Ignoring corrupt line

Zeek
1

I inherited an older Zeek server running version 4 and Debian 10. After upgrading to Debian 12 and Zeek version 7, we receive the following lines frequently in our reports. Before upgrading, those lines did appear in reports.

Ignoring corrupt line: {"ts":1770075737.083786,"uid":"CPt0nD3FWS48invDra","id.orig_h":"136.0.66.150","id.orig_p":0,"id.resp_h":"x.x.x.x","id.resp_p":0,"proto":"unknown_transport","conn_state":"OTH","local_orig":false,"local_resp":true,"missed_bytes":0,"orig_pkts":1,"orig_ip_bytes":628,"resp_pkts":0,"resp_ip_bytes":0,"ip_proto":50}

I commented out these deprecated scripts due to some errors being thrown when upgrading.

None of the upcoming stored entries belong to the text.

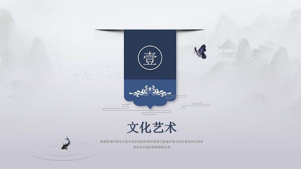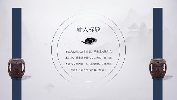 PPT模板封面使用了淡雅灰色水墨绘制的,群山、楼阁、湖泊、小船等背景图片。中间放置蓝色文本框,填写PPT标题文字。界面风格为古典中国风样式。
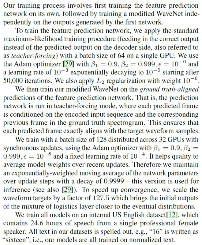 我们的训练过程包括,首先单独训练特征预测网络,然后基于特征预测网络的输出,来训练修改版的 WaveNet我们在单个 GPU 上,使用最大似然训练规程来训练特征预测网络(在解码器端不是传入预测结果而是传入正确的结果,这种方法也被称为 teacher-forcing),指定 batch size 为 64。使用 Adam 优化器并设定参数 β1=0.9,β2=0.999,ϵ=10−8,学习率初始值为 10−3 并在 50000 次迭代后下降到 10−5,使用权重为 10−6 的 L2 正则化。然后我们把特征预测网络输出的预测结果与标定数据对齐,我们使用对齐处理后的预测结果,来训练修改过的 WaveNet,也就是说这些预测数据是在 teacher-forcing 模式下产生的,所以每一个频谱帧数据恰好与一个波形样本对齐。训练过程中,使用 Adam 优化器并指定参数β1=0.9,β2=0.999,ϵ=10−8,学习率固定为 10−4,把 batch size 为 128 的批训练分布在 32 颗 GPU 上执行并同步更新,这有助于使用最近的更新来平衡整个模型的权重。所以我们在更新网络参数时采用衰减率为 0.9999 的指数加权平均 – 这个处理用在推断中。为了加速收敛,我们用 127.5 的缩放因子来放大目标波形,这使得混合逻辑层的初始输出更接近最终分布我们在内部美式英语数据集上训练所有的模型,这个数据集包含 24.6 小时的一位专业女性播音员的语音数据。数据集中的所有文本都被拼写出来了,比如”16” 被写成”sixteen”,即所有的模型都是在预处理过的数据上训练的。
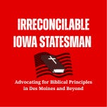 Adam Steen, who now seeks to be our next Governor, was unwilling to take even the first steps towards protecting Iowan’s Capitol Building. Even if he did not have the courage to pitch Sherman’s bold arguments to the world, he could have denied all displays or take a myriad of other routes to defeat it rather than playing dead.
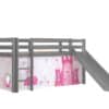 Deze PINO hoogslaper is vervaardigd van massief grenen en is grijs gelakt. Kinderen zijn dol op de glijbaan en ladder die zowel links als rechts gemonteerd kunnen worden. De lattenbodem is inbegrepen. De allround valbeveiliging, brede treden en goede stabiliteit maken dit bed heel veilig. De ruimte onder het bed kan gebruikt worden om te spelen of als opbergruimte. In het PINO gamma zijn verschillende mogelijkheden beschikbaar om dit bed aan te vullen met een bureau, bibliotheek, commodes, hangplankje of leuke textielset. Bij deze combinatie is een speelgordijn Princess inbegrepen.
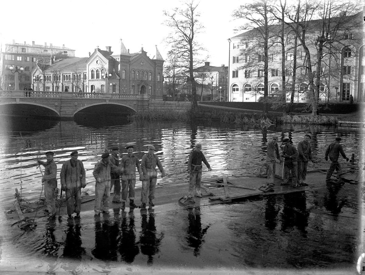 Kabelnedläggning i Svartån mellan Vasastrand och Södra Strandgatan, arbetare på spång. Vasakyrkan.
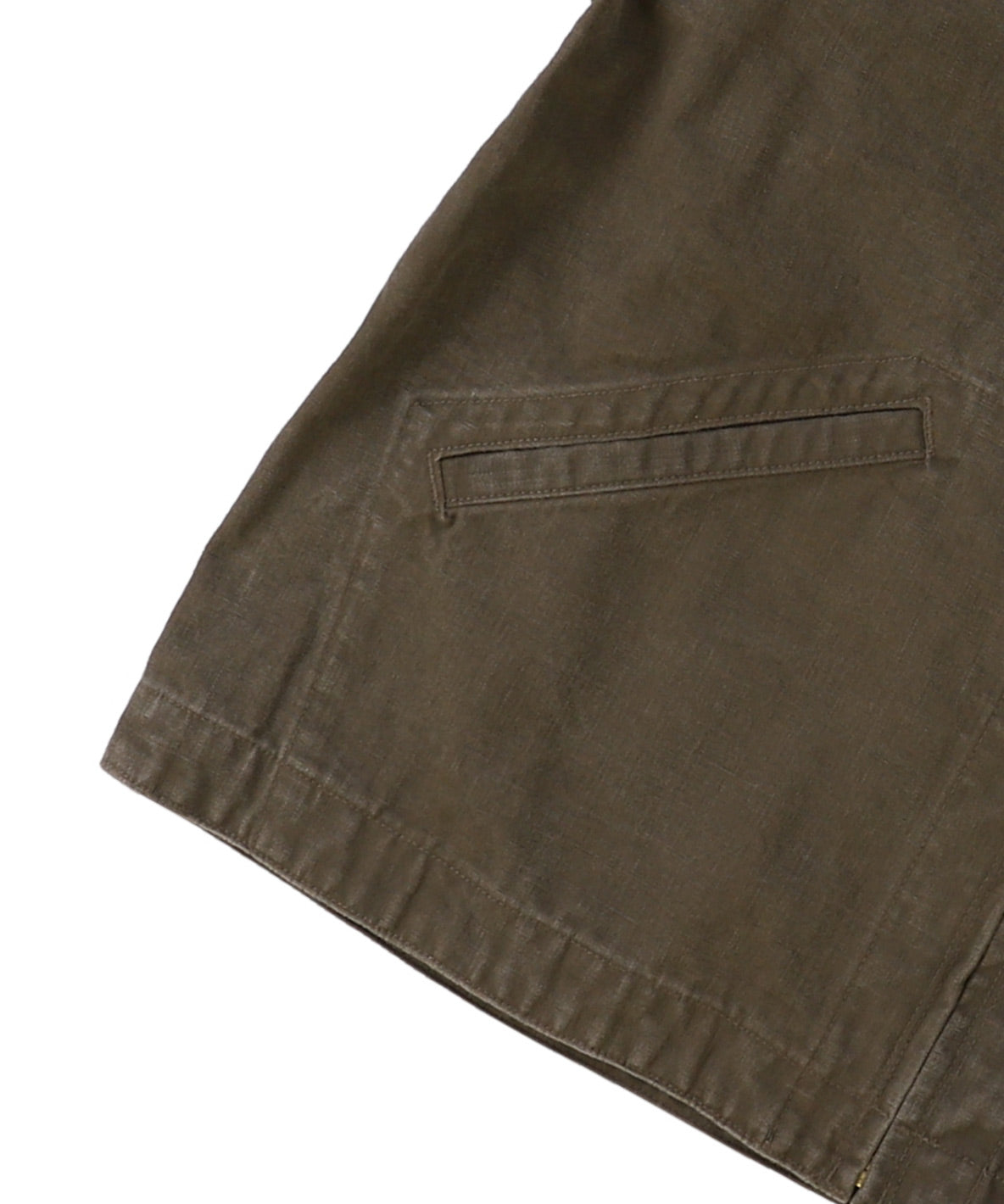 1940年代のワークジャケットの形を踏襲したダック生地のワークジャケット。デニムのように着込むほど肌に馴染み、経年変化も楽しめ愛着が深まります。また背面のアクションプリーツで肩の動かしやすさを確保しています。

/opt/zeek/share/zeek/site/local.zeek
   - #@load tuning/defaults
   - #@load misc/scan

Any insight would be appreciated.

2

Hi @kransom,

if you just upgraded, it might be best to just upgrade to Zeek 8, instead of stopping at Zeek 7. Zeek 8.0 is our current LTS release; Zeek 7 is no longer getting updates, including no more security updates.

The issue you encounter is a bug in Zeek 7, which has been fixed in the current Zeek 8 releases. There are more details in the ticket at `unknown_protocol` is unsupported · Issue #10 · zeek/trace-summary · GitHub

In short, Zeek added additional information to its connection log, and we forgot to update the script that generates the summaries for a while.

Johanna

3

Ah okay. I upgraded this server about 7 months ago for security purposes. I plan on getting it fully up to date next week with the latest version and OS. I figured I’d get this issue sorted out while configuring IPv6 in the reports. Thanks for the support.

4

This topic was automatically closed after 60 days. New replies are no longer allowed.